Resolving Disputes through the court system

When a business disagreement arises, it is often tried in the Civil Courts. Depending on the size and kind of your claim, you may file it with the High Court, District Court, Magistrates’ Court, or Small Claims Tribunal. The Copyright Tribunal and the Labour Court are two examples of specialised Courts.

Copyright tribunal

The Copyright Tribunal mediates conflicts between content creators and those who exploit their work without permission.

Labour court

If a dispute between an employer and an employee cannot be settled via other channels, it might be brought before the Labour Court.


In conclusion, the following are some useful facts to remember about Singapore’s Court Procedures:

● The claimant is referred to as the “Plaintiff.”

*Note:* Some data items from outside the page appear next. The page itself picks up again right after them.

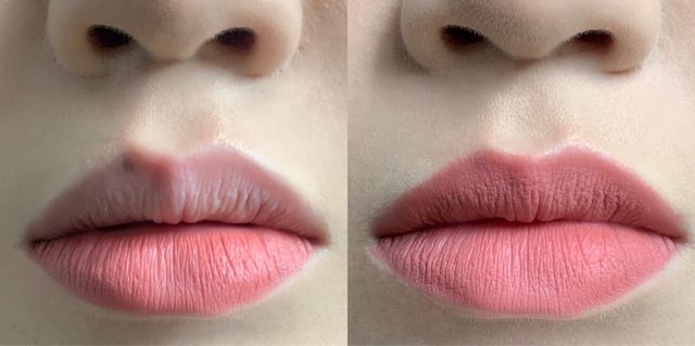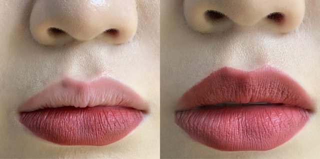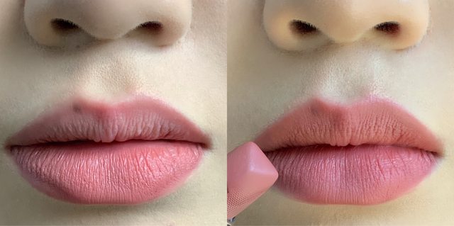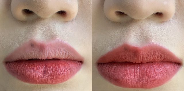 左邊的照片下唇塗了上唇沒塗,對我而言其實一模一樣,毫無存在感。就…不是很推薦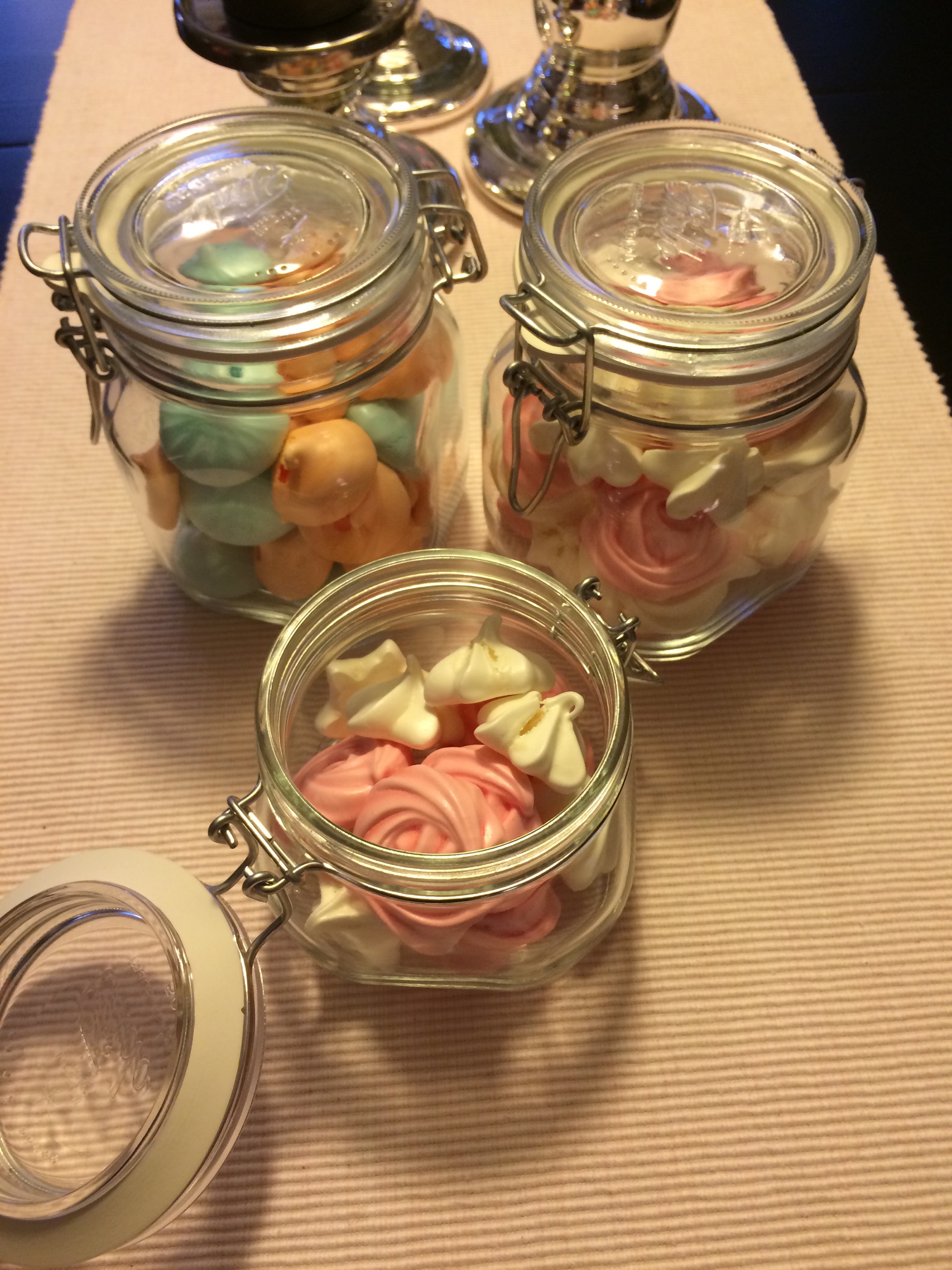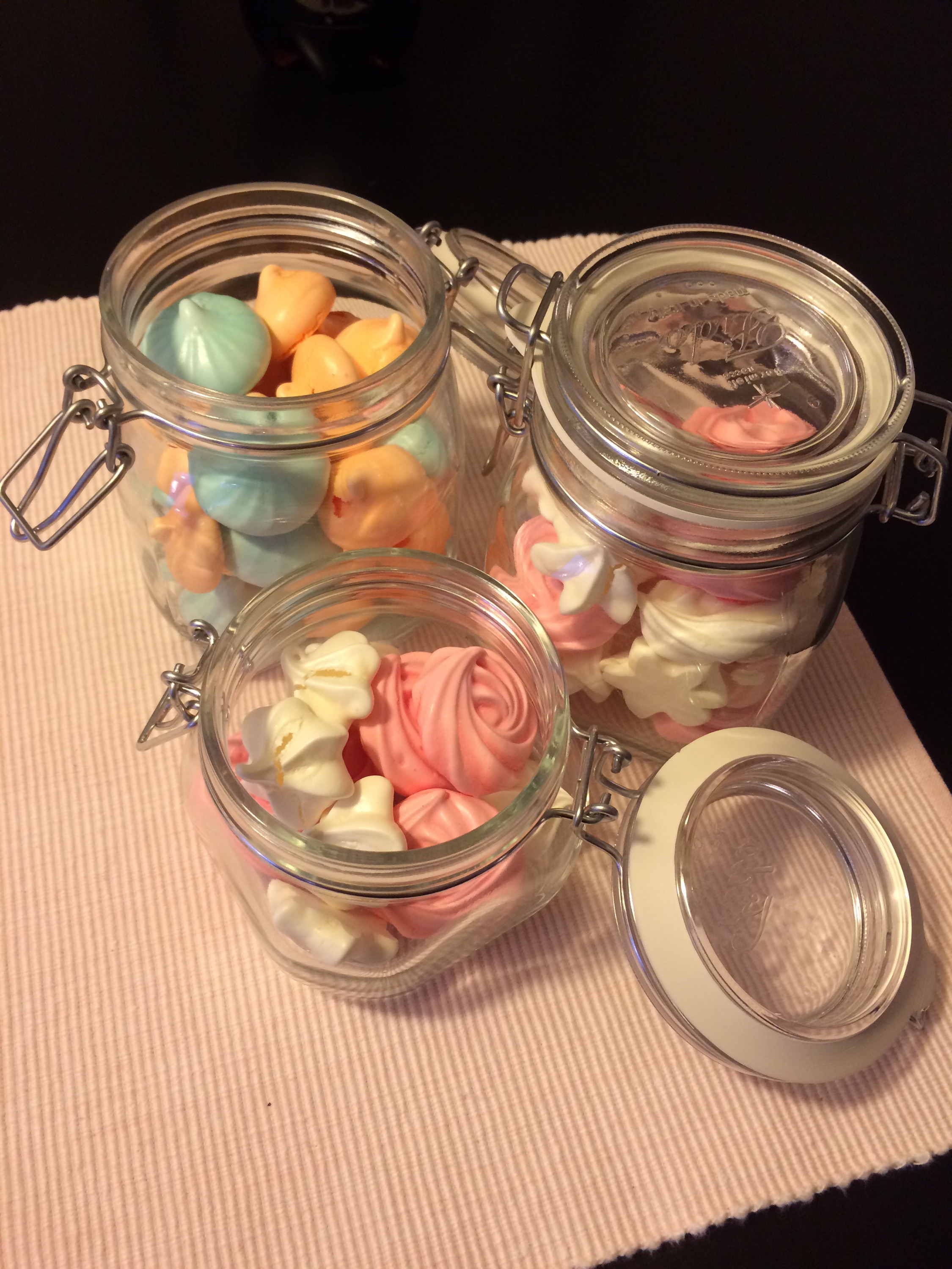 Eggehvitene piskes med sitron og salt til de begynner å stivne, så tilsettes sukkeret gradvis. Når man har oppnådd en tykk og glatt marengs har man i siktet melis og pisker videre en liten stund til marengsen er blank og glatt. Farg etter ønske og sprøyt på bakepapir. Tørkes ved 100 grader i ovnen i 1 time, deretter avkjøles i ovnen med lukket dør i noen timer eller over natten.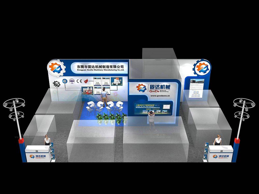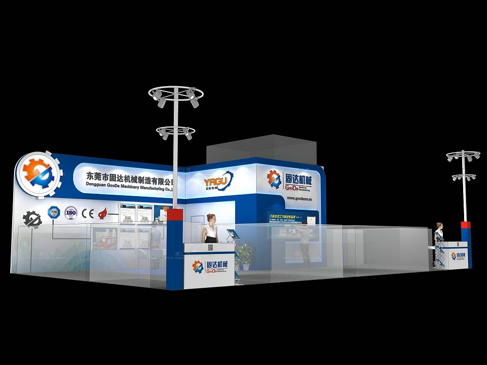 契合固達機械的品牌形象和產(chǎn)品特性,采用開放型結(jié)構(gòu),再搭配燈具燈光的效果,襯托出展位大氣、豪華的氛圍,突出一種簡約、時尚的品味。

● The Defendant is the person or entity who is the subject of the claim or service.

● Suits are filed in the proper Courts depending on the kind and value of the claim.

● The Defendant may negotiate an out-of-court settlement with the Plaintiff or the Plaintiff’s attorney if he chooses not to contest the claim.

● If neither party settles, the court will schedule a hearing to consider the evidence presented by both parties.

● There is still time for an amicable resolution to be reached.

● Once a decision has been taken, it must be followed.

● The Court may issue a warrant of seizure and sale if the parties fail to comply. In this way, the party with the valid claim may take the assets and sell them to pay off his debt.

● An appeal to the High Court may be filed if you disagree with the Court’s decision.